EXERCISE → Each line in the records below, from the one that contains "Your week of" to the one that contains "Dieses kurzärmlige T-Shirt", should be reproduced exactly, the first and last included.

RECORDS FOR THIS EXERCISE →

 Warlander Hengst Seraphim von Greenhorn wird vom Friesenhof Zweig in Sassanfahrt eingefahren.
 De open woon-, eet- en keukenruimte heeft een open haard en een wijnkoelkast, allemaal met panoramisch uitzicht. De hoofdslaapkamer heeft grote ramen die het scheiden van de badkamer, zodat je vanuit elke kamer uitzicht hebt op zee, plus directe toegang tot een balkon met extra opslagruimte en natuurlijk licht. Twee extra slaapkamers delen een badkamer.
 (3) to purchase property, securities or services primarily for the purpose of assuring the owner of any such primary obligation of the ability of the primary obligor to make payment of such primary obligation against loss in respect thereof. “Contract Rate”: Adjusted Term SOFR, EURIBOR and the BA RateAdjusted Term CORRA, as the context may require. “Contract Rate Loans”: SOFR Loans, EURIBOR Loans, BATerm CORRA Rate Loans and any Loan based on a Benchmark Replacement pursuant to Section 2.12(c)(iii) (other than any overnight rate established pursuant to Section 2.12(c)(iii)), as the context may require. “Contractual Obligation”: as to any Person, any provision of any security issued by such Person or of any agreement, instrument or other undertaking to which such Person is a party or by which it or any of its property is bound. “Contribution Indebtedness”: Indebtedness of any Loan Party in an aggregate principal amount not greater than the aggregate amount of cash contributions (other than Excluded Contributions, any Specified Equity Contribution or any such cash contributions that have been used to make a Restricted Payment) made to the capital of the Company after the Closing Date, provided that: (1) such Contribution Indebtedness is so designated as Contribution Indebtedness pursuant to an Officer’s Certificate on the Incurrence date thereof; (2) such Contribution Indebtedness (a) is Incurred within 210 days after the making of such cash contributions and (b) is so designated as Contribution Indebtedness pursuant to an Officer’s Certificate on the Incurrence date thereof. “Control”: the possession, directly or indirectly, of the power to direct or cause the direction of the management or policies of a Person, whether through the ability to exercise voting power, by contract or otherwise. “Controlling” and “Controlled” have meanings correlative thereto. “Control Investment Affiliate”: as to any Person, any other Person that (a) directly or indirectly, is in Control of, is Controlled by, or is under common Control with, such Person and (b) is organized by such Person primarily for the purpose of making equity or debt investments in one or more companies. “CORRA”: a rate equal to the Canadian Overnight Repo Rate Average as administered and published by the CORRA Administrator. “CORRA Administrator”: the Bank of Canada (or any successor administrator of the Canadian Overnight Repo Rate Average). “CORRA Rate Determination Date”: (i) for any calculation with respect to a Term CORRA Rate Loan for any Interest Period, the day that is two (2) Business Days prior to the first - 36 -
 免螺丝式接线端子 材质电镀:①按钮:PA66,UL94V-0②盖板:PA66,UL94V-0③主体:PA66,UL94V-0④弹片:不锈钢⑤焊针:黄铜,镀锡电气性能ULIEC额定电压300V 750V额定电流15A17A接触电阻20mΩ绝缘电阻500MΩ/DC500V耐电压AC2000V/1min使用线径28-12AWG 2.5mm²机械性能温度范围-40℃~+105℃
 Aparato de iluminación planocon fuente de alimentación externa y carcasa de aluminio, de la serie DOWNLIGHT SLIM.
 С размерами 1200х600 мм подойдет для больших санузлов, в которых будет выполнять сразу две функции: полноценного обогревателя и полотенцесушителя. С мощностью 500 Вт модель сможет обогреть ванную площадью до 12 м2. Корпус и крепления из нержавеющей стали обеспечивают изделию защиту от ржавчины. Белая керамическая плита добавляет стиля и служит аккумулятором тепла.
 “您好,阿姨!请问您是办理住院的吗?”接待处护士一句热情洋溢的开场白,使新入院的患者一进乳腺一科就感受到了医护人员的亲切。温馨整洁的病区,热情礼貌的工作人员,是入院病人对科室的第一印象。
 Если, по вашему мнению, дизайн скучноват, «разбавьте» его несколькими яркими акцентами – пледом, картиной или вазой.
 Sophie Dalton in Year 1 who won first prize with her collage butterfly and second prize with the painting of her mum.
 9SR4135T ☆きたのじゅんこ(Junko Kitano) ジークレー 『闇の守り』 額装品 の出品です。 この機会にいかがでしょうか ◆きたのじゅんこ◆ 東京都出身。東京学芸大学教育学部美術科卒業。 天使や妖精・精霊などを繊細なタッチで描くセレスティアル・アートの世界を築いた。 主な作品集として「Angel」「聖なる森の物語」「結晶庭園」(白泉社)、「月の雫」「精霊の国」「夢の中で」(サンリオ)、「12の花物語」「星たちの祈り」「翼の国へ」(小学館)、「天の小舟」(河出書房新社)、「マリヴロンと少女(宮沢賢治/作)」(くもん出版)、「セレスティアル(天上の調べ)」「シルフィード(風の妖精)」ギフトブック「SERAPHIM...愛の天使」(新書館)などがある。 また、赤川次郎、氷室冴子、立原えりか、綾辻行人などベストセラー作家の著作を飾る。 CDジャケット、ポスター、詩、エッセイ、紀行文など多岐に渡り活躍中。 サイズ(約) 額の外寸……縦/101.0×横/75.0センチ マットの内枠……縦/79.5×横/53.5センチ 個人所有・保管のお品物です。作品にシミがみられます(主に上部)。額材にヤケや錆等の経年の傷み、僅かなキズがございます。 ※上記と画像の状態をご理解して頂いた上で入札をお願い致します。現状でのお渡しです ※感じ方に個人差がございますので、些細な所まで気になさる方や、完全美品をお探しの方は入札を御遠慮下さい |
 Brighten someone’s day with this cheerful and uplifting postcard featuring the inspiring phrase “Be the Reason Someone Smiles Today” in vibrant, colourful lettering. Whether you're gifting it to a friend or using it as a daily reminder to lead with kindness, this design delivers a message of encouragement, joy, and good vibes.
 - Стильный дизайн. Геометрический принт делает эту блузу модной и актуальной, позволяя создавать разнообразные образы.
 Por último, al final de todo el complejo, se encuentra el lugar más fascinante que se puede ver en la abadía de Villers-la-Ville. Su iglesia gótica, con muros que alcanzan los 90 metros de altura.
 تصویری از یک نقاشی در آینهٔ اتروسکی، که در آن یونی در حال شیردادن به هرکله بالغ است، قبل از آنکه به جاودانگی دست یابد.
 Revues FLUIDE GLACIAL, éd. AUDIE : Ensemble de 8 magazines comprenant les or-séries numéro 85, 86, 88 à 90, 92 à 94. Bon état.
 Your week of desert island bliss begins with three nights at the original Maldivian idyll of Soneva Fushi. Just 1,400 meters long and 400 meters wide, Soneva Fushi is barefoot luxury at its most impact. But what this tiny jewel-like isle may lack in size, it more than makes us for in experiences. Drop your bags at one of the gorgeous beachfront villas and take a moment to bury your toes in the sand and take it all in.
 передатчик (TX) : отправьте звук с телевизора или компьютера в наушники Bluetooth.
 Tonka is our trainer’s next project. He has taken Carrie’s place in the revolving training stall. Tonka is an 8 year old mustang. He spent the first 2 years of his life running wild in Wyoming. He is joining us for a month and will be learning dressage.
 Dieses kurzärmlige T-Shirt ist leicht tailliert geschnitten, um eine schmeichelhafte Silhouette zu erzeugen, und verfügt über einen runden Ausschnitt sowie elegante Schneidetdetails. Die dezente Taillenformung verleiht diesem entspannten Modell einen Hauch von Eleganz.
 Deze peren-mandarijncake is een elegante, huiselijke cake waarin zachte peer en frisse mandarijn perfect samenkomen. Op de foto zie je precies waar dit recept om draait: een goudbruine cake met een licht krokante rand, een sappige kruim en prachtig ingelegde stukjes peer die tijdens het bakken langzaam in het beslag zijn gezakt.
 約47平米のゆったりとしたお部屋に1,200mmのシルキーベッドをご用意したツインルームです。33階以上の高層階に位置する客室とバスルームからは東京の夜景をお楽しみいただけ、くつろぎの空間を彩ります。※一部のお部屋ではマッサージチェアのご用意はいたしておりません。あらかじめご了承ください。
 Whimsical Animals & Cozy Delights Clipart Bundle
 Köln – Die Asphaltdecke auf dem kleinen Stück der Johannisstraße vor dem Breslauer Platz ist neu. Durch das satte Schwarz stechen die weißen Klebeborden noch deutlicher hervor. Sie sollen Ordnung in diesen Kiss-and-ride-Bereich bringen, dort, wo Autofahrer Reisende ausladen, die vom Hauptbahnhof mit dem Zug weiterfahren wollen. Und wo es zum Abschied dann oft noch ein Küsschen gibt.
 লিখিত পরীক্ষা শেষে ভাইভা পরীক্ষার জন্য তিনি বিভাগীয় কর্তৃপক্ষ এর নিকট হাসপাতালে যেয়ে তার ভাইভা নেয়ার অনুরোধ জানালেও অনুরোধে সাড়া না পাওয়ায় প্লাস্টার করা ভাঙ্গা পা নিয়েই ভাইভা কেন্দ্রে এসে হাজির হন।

TASK RESPONSE →
 Your week of desert island bliss begins with three nights at the original Maldivian idyll of Soneva Fushi. Just 1,400 meters long and 400 meters wide, Soneva Fushi is barefoot luxury at its most impact. But what this tiny jewel-like isle may lack in size, it more than makes us for in experiences. Drop your bags at one of the gorgeous beachfront villas and take a moment to bury your toes in the sand and take it all in.
 передатчик (TX) : отправьте звук с телевизора или компьютера в наушники Bluetooth.
 Tonka is our trainer’s next project. He has taken Carrie’s place in the revolving training stall. Tonka is an 8 year old mustang. He spent the first 2 years of his life running wild in Wyoming. He is joining us for a month and will be learning dressage.
 Dieses kurzärmlige T-Shirt ist leicht tailliert geschnitten, um eine schmeichelhafte Silhouette zu erzeugen, und verfügt über einen runden Ausschnitt sowie elegante Schneidetdetails. Die dezente Taillenformung verleiht diesem entspannten Modell einen Hauch von Eleganz.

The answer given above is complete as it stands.